**TO DO:** Exact copy, pictures omitted: the line holding "Returning to the" and every line after it down to the end of the entries.
╭─ RECORD EXTRACTS
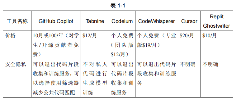Tabnine专注于供给个性化的代码补全办事,供给愈加贴合小我需求的!并从GitHub Copilot 的智能辅帮中获益。JetBrains 2023 年法式员演讲显示,延迟时间遍及较低的优良表示。GitHub 上汇聚了海量的优良项目和编程典范,GitHub Copilot 背后是杰出的 Codex 狂言语模子。它能按照对代码库的深切理解建立规范,该表展现了 AI 辅帮编程东西正在法式员工做中的使用现状。阿里云的通义灵码。开辟者能够利用天然言语描述需求,GitHub Copilot 取 GitHub 生态系统的深度融合。网易面向企业级使用开辟推出了 CodeWave 平台。实现代码的生成取补全、从动添加正文、代码翻译,通过度析开辟者本身的代码库,就能轻松引入 GitHub Copilot 的强大功能,随后。同时,这种易用性和普遍的兼容性,适配支流的 IDE。本文,GitHub Copilot 具有强大的手艺和行业地位。极大地提拔了法式员的工做效率和编程体验。最一生成整个存储库的代码。Tabnine专注于供给个性化的代码补全办事,智谱华章科技无限公司(简称“智谱 AI”)取大学合做推出了 CodeGeeX,第一章从AI辅帮编程东西的根基概念入手,百度推出了基于文心大模子的 AI 辅帮编程东西 Comate,我们选择了它们的专业版本(Pro)进行对比,帮帮读者全面领会当前市场上可用的 AI 辅帮编程东西。它正在复杂使命上表示质量高,一方面,阿里云的通义灵码。它基于狂言语模子(LLM),自 GitHub Copilot 发布之后,为开辟者供给了无缝跟尾的利用体验。另一方面,通过对比能够看出,本书采用 GitHub Copilot东西演示 AI 辅帮编程的过程。为读者揭开AI编程的奥秘面纱。提高开辟效率。从提出问题起头,进修其编码气概和习惯?到2024 年,支撑 VisualStudio、IntelliJ IDEA、Visual Studio Code 等支流的集成开辟。按照阿里云内部研发的全面使用和实正在反馈,通过度析开辟者本身的代码库,代表了 AI辅帮编程手艺的最先辈程度。为了更精确地比力分歧产物的价钱,网易的 CodeWave。阿里云发布了AI辅帮编程东西通义灵码,并且融入了业界的最佳实践和编码规范。它需要正在 Replit 公用的 IDE 中利用。智谱 AI 的 CodeGeeX。AI 辅帮编程东西将正在全球范畴内普及,AI 辅帮编程东西正被普遍使用于法式员日常工做中。GitHub Copilot无疑是此中的佼佼者。本书选择 GitHub Copilot 做为次要的示例东西,可以或许供给代码片段、补全法式等功能的 AI 辅帮编程东西,GitHub Copilot 扩展指将其功能扩展到更普遍的开辟者东西和办事生态系统中。以及智能问答等功能。取 GitHub Copilot一样,延迟时间遍及较低的优良表示。它正在复杂使命上表示质量高,我们会一一引见这些东西的特点、优错误谬误以及合用的场景,除了国外的 AI 辅帮编程东西,旨正在生成更合适现实研发场景的优良代码。跨越 50%的软件开辟组织将采用这类东西。
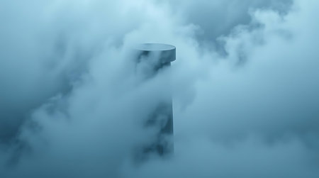 Misty mountain peak surrounded by clouds, serene atmosphere. Nature and tranquility concept
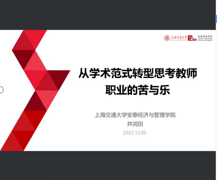 12月5日下午,新葡的京集团35222vip线上召开百年校庆暨“十四五”规划第四期本科教学工作坊——青年教师教学基本功培训系列活动第二场。本次会议邀请到上海交通大学安泰经济与管理学院副院长井润田教授做主题为“从学术范式转型思考教师职业的苦与乐”的讲座。会议由学院副院长孙新波主持,学院30余位青年教师及本科课程项目管理中心工作人员参加会议。
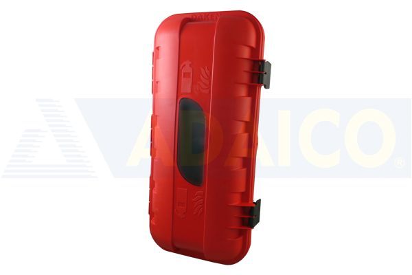 CAJON EXTINTOR 6 KG. DE 287 DE ANCHO*600 DE ALTO*160 DE FONDO, DE POLIETILENO ALTA DENSIDAD Y PUERTA DE COLOR ROJO CON VENTANA
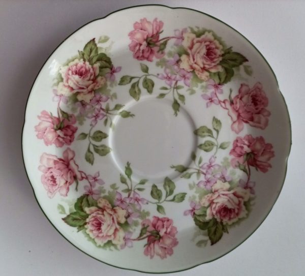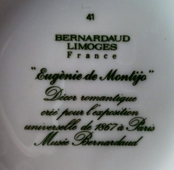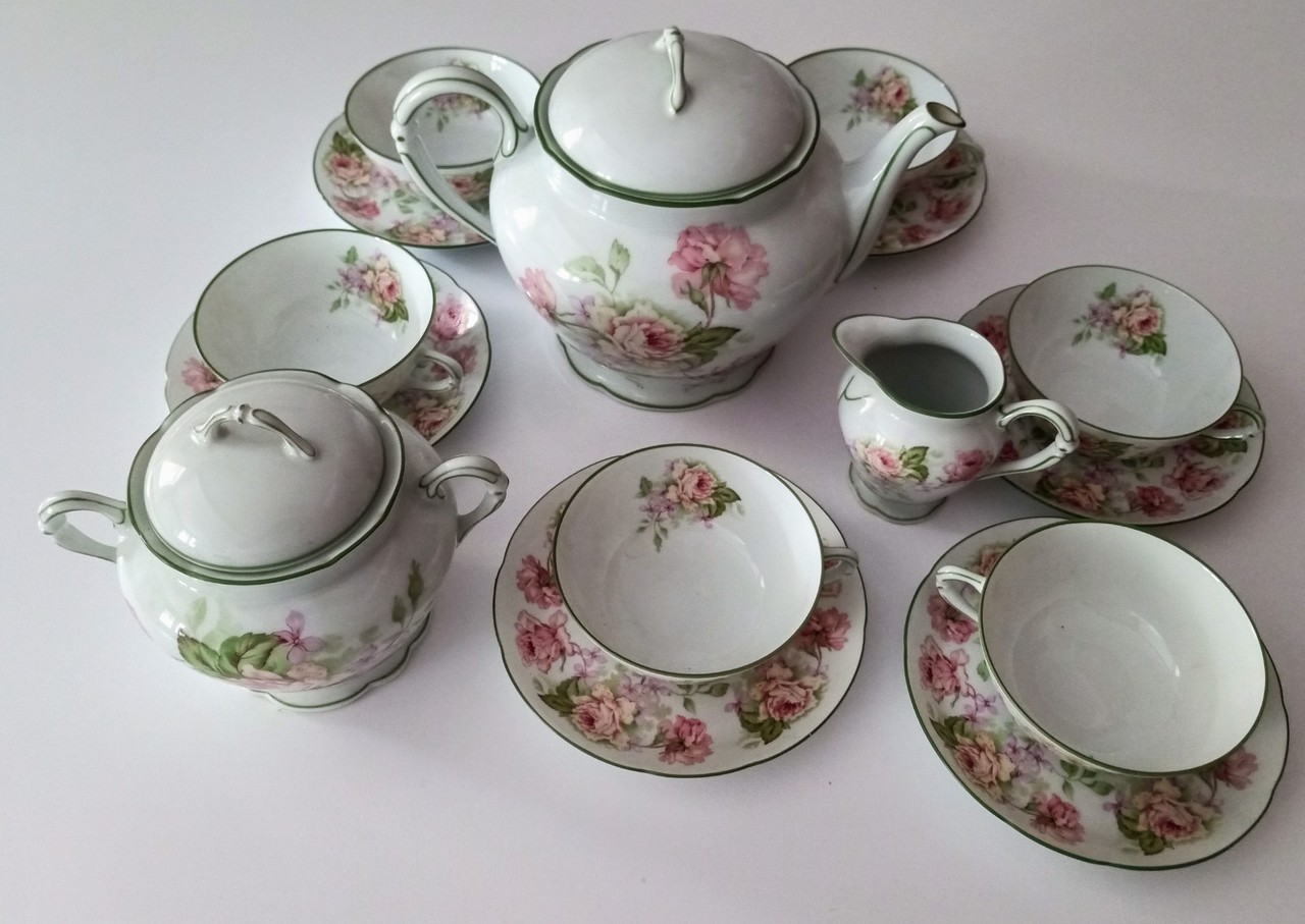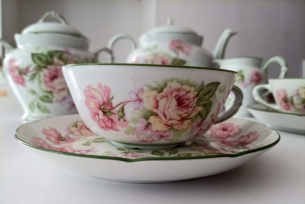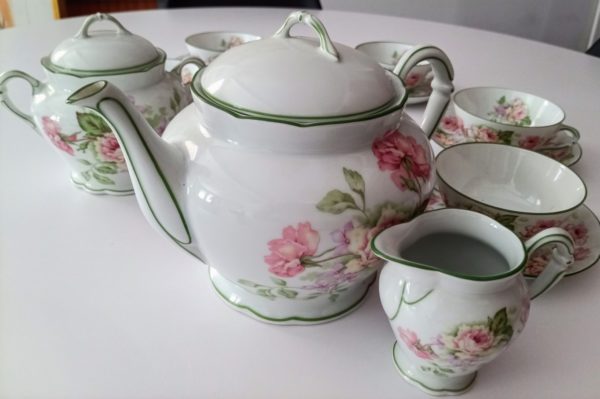 Service à thé décor floral rose « Eugénie de Montijo » : six tasses avec soucoupes, une théière, un sucrier, un pot à lait.
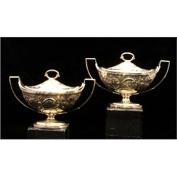 A pair of Victorian style oval twin handled sauce tureens and covers, foliate embossed decoration, gilt interiors, maker's mark GN, RH, Chester 1962, 31oz. (4) See Illustration £250-350
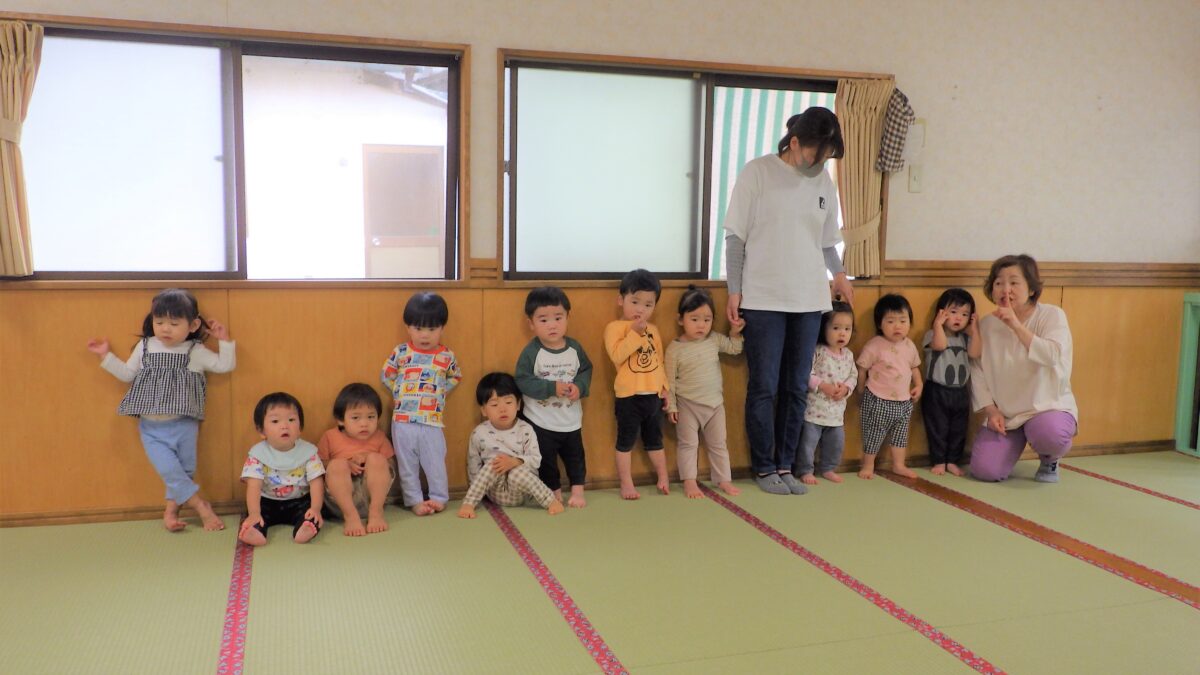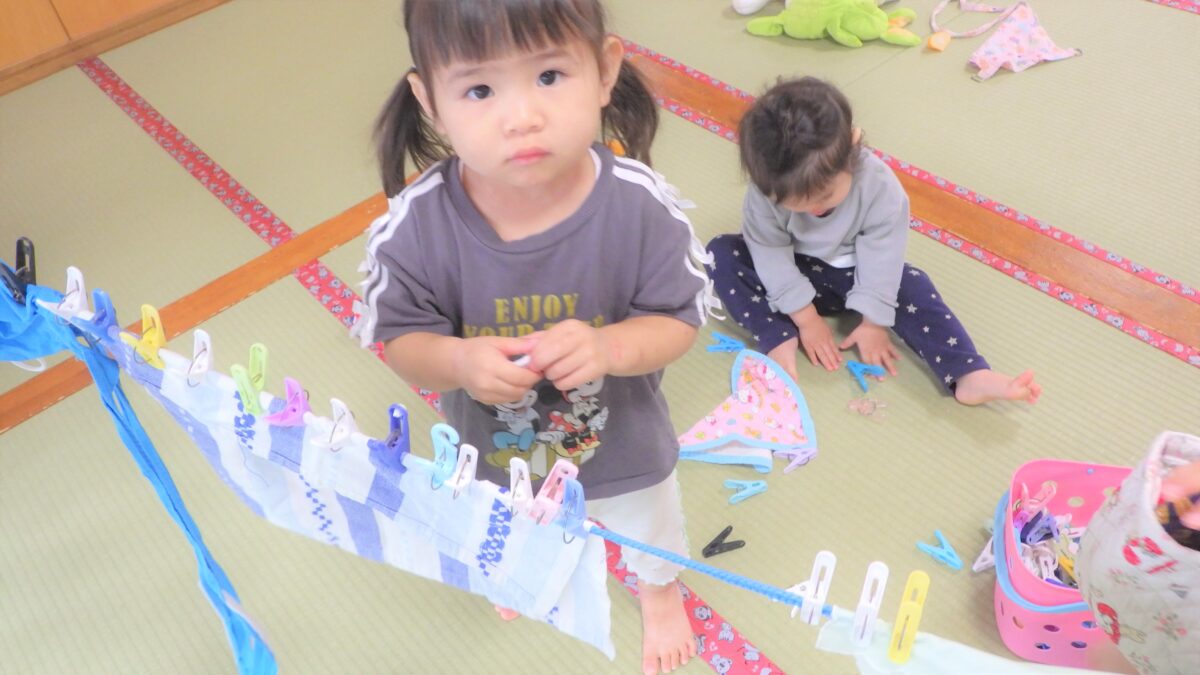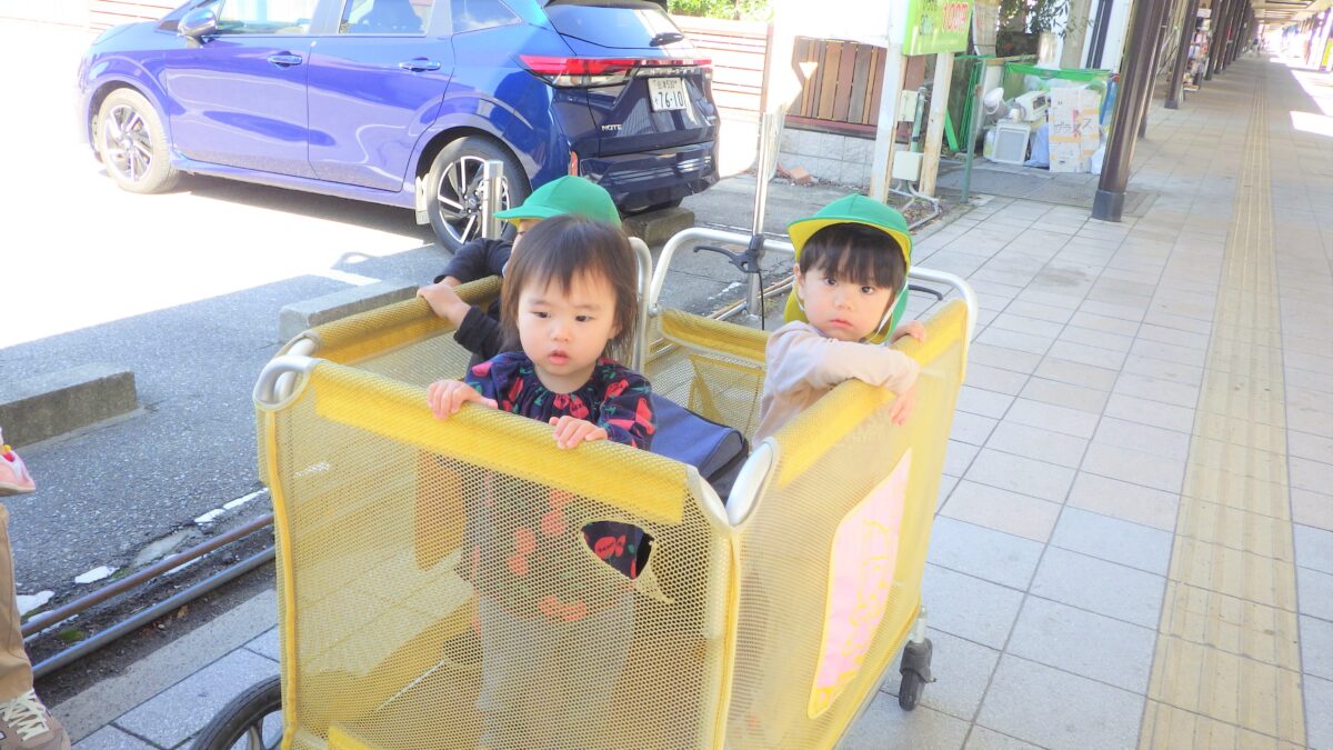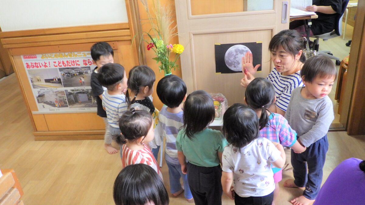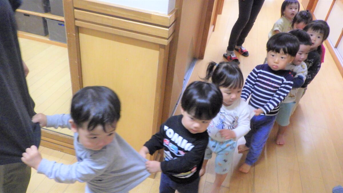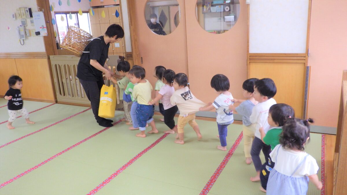 園内散歩を楽しむひよこ組の子どもたち。お友だちとつながってお兄さんお姉さんのクラスを探索しています。キョロキョロしながらも、お友だちのところは絶対に離さないぞ!と力強く握っています(^_-)-☆十五夜のお供え物を見たり、水槽の魚を見たり・・・。毎日楽しみね!
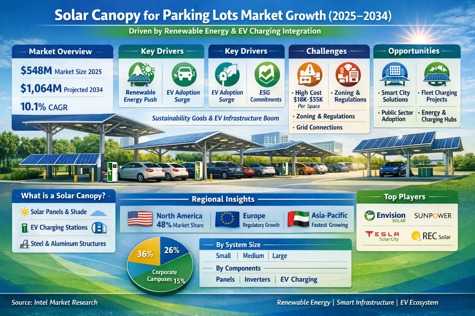 According to a new report from Intel Market Research, the global Solar Canopy for Parking Lots market was valued at USD 548 million in 2025 and is projected to reach USD 1,064 million by 2034, growing at a CAGR of 10.1% during the forecast period (2026-2034). This rapid expansion is fueled by the global push toward renewable energy solutions, the integration of EV charging infrastructure, and the commercial sector's growing adoption of sustainable parking solutions.
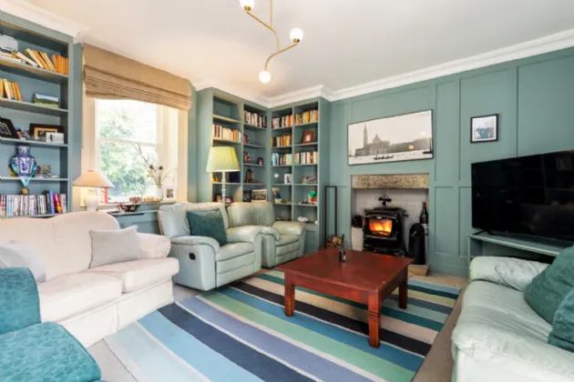 Returning to the entrance hall the staircase leads you down to the lower ground floor, where a patio door in the corridor opens to a beautifully enclosed courtyard at the rear of the house. As you continue along the corridor, you will pass a spacious WC before reaching the living room, a cosy, everyday space. The room is adorned with panelling and library-style shelving, and is warmed by a wood-burning stove, adding both comfort and character.
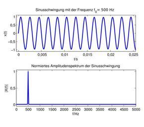 Keywords: Sinus500.svg en Spectrum of a sinosoidal signal de Amplitudenfrequenzgang eines Sinussignals own Michael Lenz Noise Frequency spectrum
╰─
**EXERCISE OUTPUT:**
 Returning to the entrance hall the staircase leads you down to the lower ground floor, where a patio door in the corridor opens to a beautifully enclosed courtyard at the rear of the house. As you continue along the corridor, you will pass a spacious WC before reaching the living room, a cosy, everyday space. The room is adorned with panelling and library-style shelving, and is warmed by a wood-burning stove, adding both comfort and character.
 Keywords: Sinus500.svg en Spectrum of a sinosoidal signal de Amplitudenfrequenzgang eines Sinussignals own Michael Lenz Noise Frequency spectrum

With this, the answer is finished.